### [Data block]
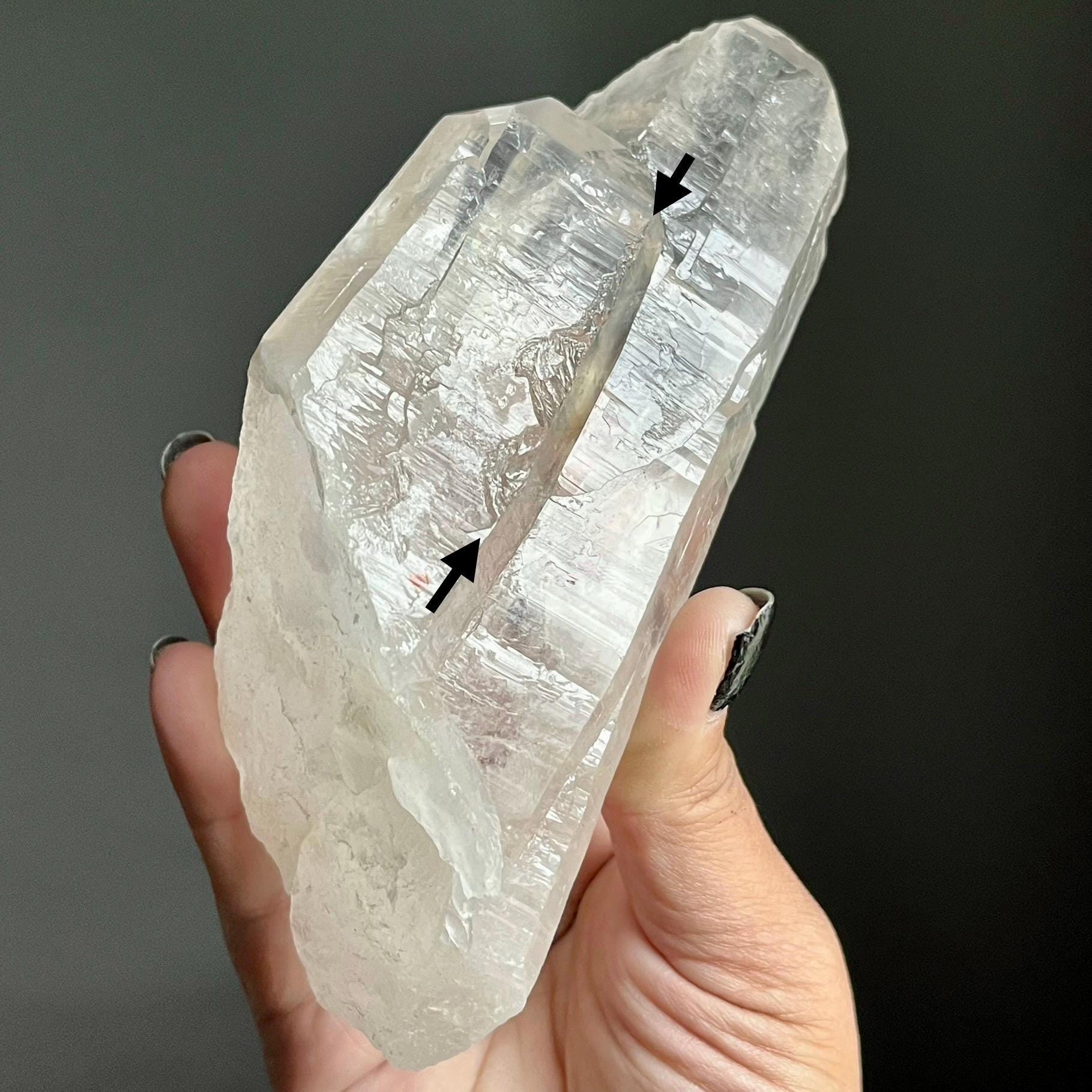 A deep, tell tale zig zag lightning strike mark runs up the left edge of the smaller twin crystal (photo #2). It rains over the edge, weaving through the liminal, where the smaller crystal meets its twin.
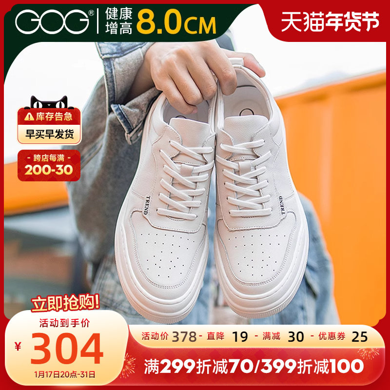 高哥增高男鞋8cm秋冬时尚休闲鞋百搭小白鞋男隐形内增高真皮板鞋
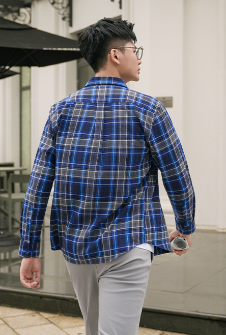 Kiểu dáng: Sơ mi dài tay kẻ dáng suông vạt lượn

### [Work to be completed]
With the pictures left out, transcribe the material exactly.

### [Task response]
 A deep, tell tale zig zag lightning strike mark runs up the left edge of the smaller twin crystal (photo #2). It rains over the edge, weaving through the liminal, where the smaller crystal meets its twin.
 高哥增高男鞋8cm秋冬时尚休闲鞋百搭小白鞋男隐形内增高真皮板鞋
 Kiểu dáng: Sơ mi dài tay kẻ dáng suông vạt lượn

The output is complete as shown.